In Virginia, is there a Residency Requirement?
In order for a divorce to be filed in Virginia, one of the spouses must have lived in Virginia for at least for six months. However, if a member of the army wants to file a divorce in Virginia, he/she can do so if they have been a resident in Virginia for at least six months, or have lived for six months in a federally controlled naval, air, military base for six months and/or, he/she lived in a ship with Virginia home port. Moreover, if a member of the army is currently stationed outside of Virginia, he/she can still file a divorce in Virginia if he/she can prove that they lived or were resident in Virginia for a period of not less than six months.
How Does Someone File for a Divorce?
If someone files for a divorce he/she is considered to be the plaintiff. He/she can file a document to the Virginia Circuit Court, which is called the complaint. The plaintiff must also pay the required fees. Additionally, the grounds for divorce, if applicable, the time of their separation period, the ages of any living children that they have, the military status of each spouse, the status of each spouse’s current lifestyle, the place where the couple married, the date on which the couple got married, and the residency requirements must be filed. A private process server or sheriff will usually be the one that delivers the complaint from the plaintiff to the other spouse or also known as the defendant.

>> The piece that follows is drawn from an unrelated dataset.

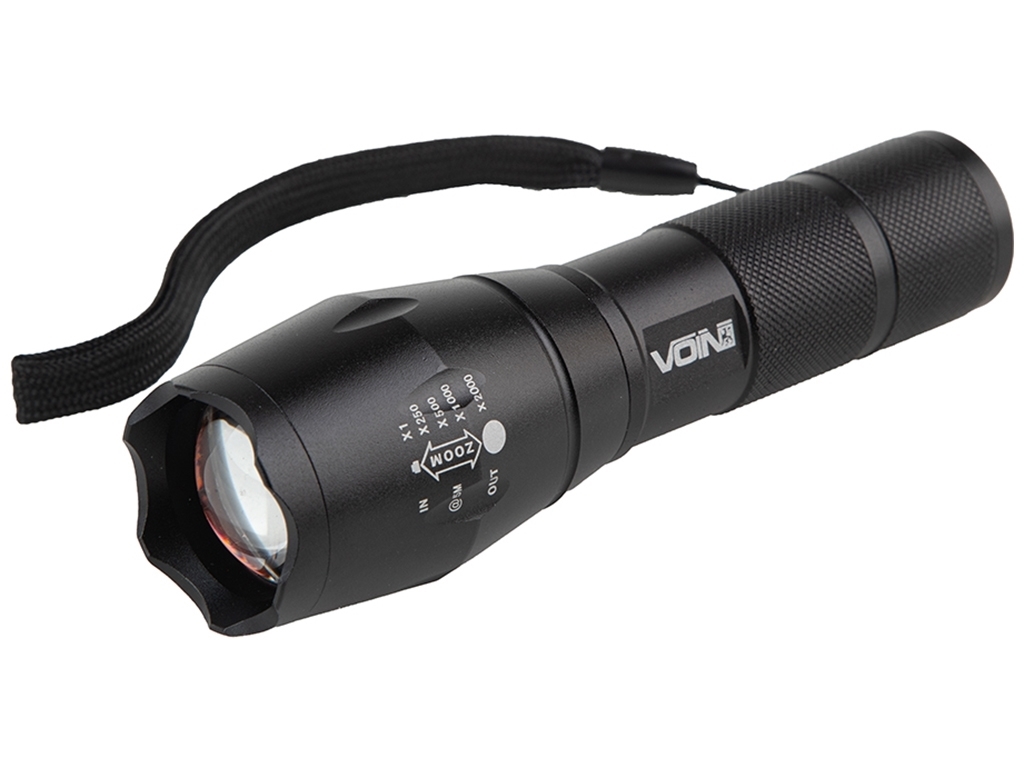 Ліхтарик ручний VOIN VL-8012, LED T6, 300Lm, зум, алюміній, 1х18650 или (3хААА не в комплекті)

Is There a Fault Divorce in Virginia?
A fault divorce in Virginia is made if a spouse is convicted of a felony with some time of imprisonment and is sentenced to at least one year or 12 months, if any spouse is fearful of any bodily harm from his/her significant other, if a spouse abandoned or deserted the other, and/or any sexual activity is acted outside of their marriage.
Is There a No-Fault Divorce in Virginia?
In Virginia, both spouses must have lived apart from each other for at least one year without interruption in order for a no-fault divorce to be filed. Additionally, the spouse’s will only have to live apart for six months if they enter a valid separation agreement and have no minor children.
What does Desertion mean?:
When a person had left a marriage against the wishes of the other spouse, then he/she is said to have deserted the marriage in accordance to the laws of Virginia. However, it does not mean the deserter is only leaving for a temporary time period, in order for him/her to be deserting he/she must have an intention to leave permanently. Furthermore, any spouse must prove that the deserting spouse left the deserted spouse against his/her wishes, and there was no justification of the desertion from the deserted spouse, and finally, the ending of the marriage was the intent of the deserting spouse.
If someone made a desertion, can it be excused?
If someone is suffering from health problems from his/her spouse’s actions, the living conditions of the marriage, or if the spouse is being abused by their significant other in any way that the court finds intolerable, then he/she is excused of a desertion.